How to complete this task:
In the data below, locate each line with the word "ایران" and list it.

Entries shown:
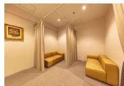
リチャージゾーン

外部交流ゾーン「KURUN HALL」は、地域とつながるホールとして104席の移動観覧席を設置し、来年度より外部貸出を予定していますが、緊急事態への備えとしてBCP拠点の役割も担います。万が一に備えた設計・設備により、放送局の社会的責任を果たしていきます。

---

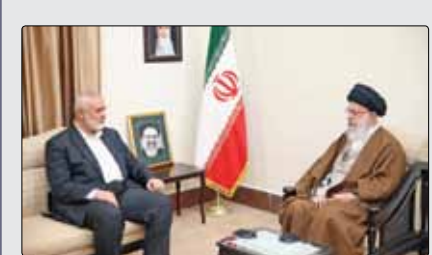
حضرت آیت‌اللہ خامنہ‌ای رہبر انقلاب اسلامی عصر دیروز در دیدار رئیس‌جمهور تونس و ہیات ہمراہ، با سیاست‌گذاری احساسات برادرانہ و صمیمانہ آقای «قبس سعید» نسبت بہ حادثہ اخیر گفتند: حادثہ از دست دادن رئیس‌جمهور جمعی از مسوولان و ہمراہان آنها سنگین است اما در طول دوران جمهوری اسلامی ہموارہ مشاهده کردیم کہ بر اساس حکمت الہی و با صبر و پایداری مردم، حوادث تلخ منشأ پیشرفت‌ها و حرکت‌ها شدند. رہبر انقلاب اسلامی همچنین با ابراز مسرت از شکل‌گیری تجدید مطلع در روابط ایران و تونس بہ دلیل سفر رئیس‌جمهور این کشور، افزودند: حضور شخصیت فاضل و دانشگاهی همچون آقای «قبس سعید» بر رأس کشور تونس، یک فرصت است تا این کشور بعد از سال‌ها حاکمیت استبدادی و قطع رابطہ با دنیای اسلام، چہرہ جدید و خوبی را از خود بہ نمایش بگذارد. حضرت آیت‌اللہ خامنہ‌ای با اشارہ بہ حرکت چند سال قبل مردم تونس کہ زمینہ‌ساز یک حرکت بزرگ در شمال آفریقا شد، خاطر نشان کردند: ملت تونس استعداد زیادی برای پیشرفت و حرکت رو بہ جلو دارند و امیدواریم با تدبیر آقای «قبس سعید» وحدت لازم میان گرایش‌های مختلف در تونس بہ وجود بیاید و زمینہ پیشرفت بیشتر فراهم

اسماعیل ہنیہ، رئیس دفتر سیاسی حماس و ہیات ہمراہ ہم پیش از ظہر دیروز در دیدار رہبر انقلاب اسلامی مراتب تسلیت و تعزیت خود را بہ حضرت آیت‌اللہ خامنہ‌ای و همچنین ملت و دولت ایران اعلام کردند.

Exercise solution:
حضرت آیت‌اللہ خامنہ‌ای رہبر انقلاب اسلامی عصر دیروز در دیدار رئیس‌جمهور تونس و ہیات ہمراہ، با سیاست‌گذاری احساسات برادرانہ و صمیمانہ آقای «قبس سعید» نسبت بہ حادثہ اخیر گفتند: حادثہ از دست دادن رئیس‌جمهور جمعی از مسوولان و ہمراہان آنها سنگین است اما در طول دوران جمهوری اسلامی ہموارہ مشاهده کردیم کہ بر اساس حکمت الہی و با صبر و پایداری مردم، حوادث تلخ منشأ پیشرفت‌ها و حرکت‌ها شدند. رہبر انقلاب اسلامی همچنین با ابراز مسرت از شکل‌گیری تجدید مطلع در روابط ایران و تونس بہ دلیل سفر رئیس‌جمهور این کشور، افزودند: حضور شخصیت فاضل و دانشگاهی همچون آقای «قبس سعید» بر رأس کشور تونس، یک فرصت است تا این کشور بعد از سال‌ها حاکمیت استبدادی و قطع رابطہ با دنیای اسلام، چہرہ جدید و خوبی را از خود بہ نمایش بگذارد. حضرت آیت‌اللہ خامنہ‌ای با اشارہ بہ حرکت چند سال قبل مردم تونس کہ زمینہ‌ساز یک حرکت بزرگ در شمال آفریقا شد، خاطر نشان کردند: ملت تونس استعداد زیادی برای پیشرفت و حرکت رو بہ جلو دارند و امیدواریم با تدبیر آقای «قبس سعید» وحدت لازم میان گرایش‌های مختلف در تونس بہ وجود بیاید و زمینہ پیشرفت بیشتر فراهم
اسماعیل ہنیہ، رئیس دفتر سیاسی حماس و ہیات ہمراہ ہم پیش از ظہر دیروز در دیدار رہبر انقلاب اسلامی مراتب تسلیت و تعزیت خود را بہ حضرت آیت‌اللہ خامنہ‌ای و همچنین ملت و دولت ایران اعلام کردند.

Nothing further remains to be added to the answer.